Daddy Love (7 page)

Read Daddy Love Online

Authors: Joyce Carol Oates

Tags: #Thrillers, #Suspense, #Fiction

They waited.

Each hour of each day they waited.

The phone would ring and the message would be
Good news, Mrs. Whitcomb! We’ve found your son and he is—

The choice of this next word was crucial. The word might be
well, or alive and well,
or
—alive.

Just to hear that word—
alive.

 

“‘Alive.’ ‘Alive.’”

In her scratchy voice Dinah practiced. Her jaws were not so painful now when she spoke though she still had difficulty eating and so did not eat anything that involved an agitation of her jaws.

Alone, Dinah practiced. She had her physical-therapy exercises to do and these she did religiously as required and she forced herself to walk up and down stairs using just a single crutch
now. She thought
It’s no worse than arthritis would be. Millions of people have arthritis.

The landline rarely rang now. Yet, Dinah often heard it.

A single short ring, cut off. She was sure.

Her heart beat hard, as she listened.
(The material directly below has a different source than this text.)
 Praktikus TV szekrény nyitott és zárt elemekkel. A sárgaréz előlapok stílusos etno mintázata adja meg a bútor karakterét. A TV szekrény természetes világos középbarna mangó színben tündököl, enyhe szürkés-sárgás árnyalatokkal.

In the silence of the house it would have been difficult not to hear the phone ring and yet, she was anxious that she might miss it.
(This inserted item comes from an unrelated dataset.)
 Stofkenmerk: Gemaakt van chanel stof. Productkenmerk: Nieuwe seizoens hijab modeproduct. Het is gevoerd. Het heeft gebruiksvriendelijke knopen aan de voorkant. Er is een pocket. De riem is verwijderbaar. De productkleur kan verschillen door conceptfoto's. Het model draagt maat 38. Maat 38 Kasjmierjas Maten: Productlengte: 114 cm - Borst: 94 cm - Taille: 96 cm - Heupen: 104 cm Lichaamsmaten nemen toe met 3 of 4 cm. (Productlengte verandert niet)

Mrs. Whitcomb? Good news! We’ve just got word—

It was a foolish sort of consolation and yet: her heart lifted, hearing her own scratchy voice as if it were a stranger’s voice on the phone that rarely rang for it was a phone with an unlisted number and this number was known only to law enforcement officials.

Aloud she practiced the words she would someday hear:

“‘We’ve found your son Robbie and he is—
alive
.’”

Or, “We’ve found your son, Mrs. Whitcomb, and Robbie is
alive and well.”

On a cork bulletin board in the kitchen, on the refrigerator door and on a wall above the telephone were snapshots of Robbie, Robbie and his parents, drawings and watercolors of Robbie’s in bright colors—Dinah stared at these countless times a day.
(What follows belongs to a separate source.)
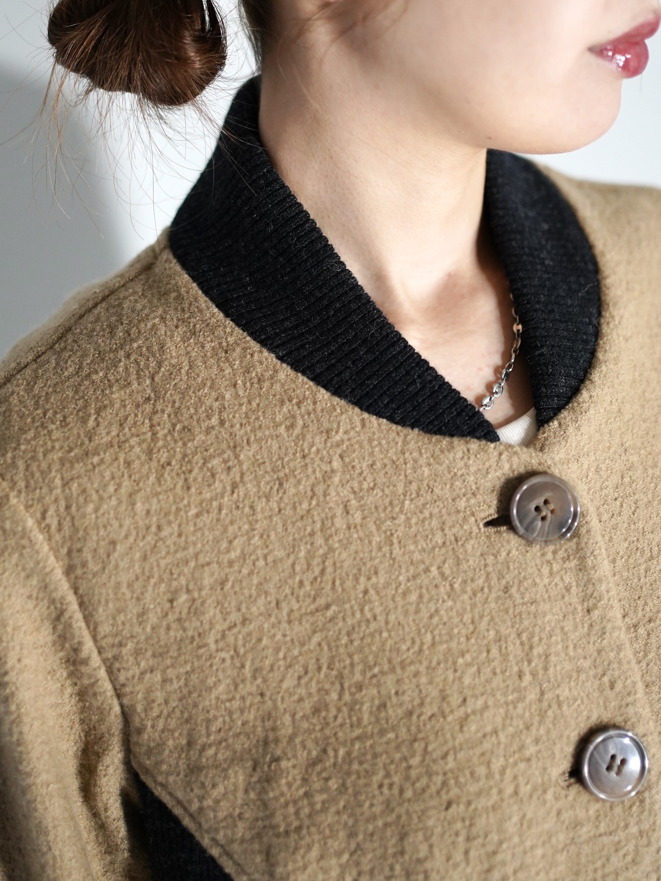 襟元がすっきりとクラシカルなデザインなので、カーディガン感覚にてコートのインナーに挿せるアイテムとなります。色味もまた良し。

Alone in the house on Seventh Street, Ypsilanti. Often she was alone.

She’d had to quit her part-time job at the University of Michigan biology library. They’d given her a medical leave but it wasn’t clear when she’d be well enough to return and so, in all fairness to her employers, Dinah had quit.

As she’d withdrawn from her classes in the education school. She’d been six credits from a master’s degree in public-school science education, with a social sciences major.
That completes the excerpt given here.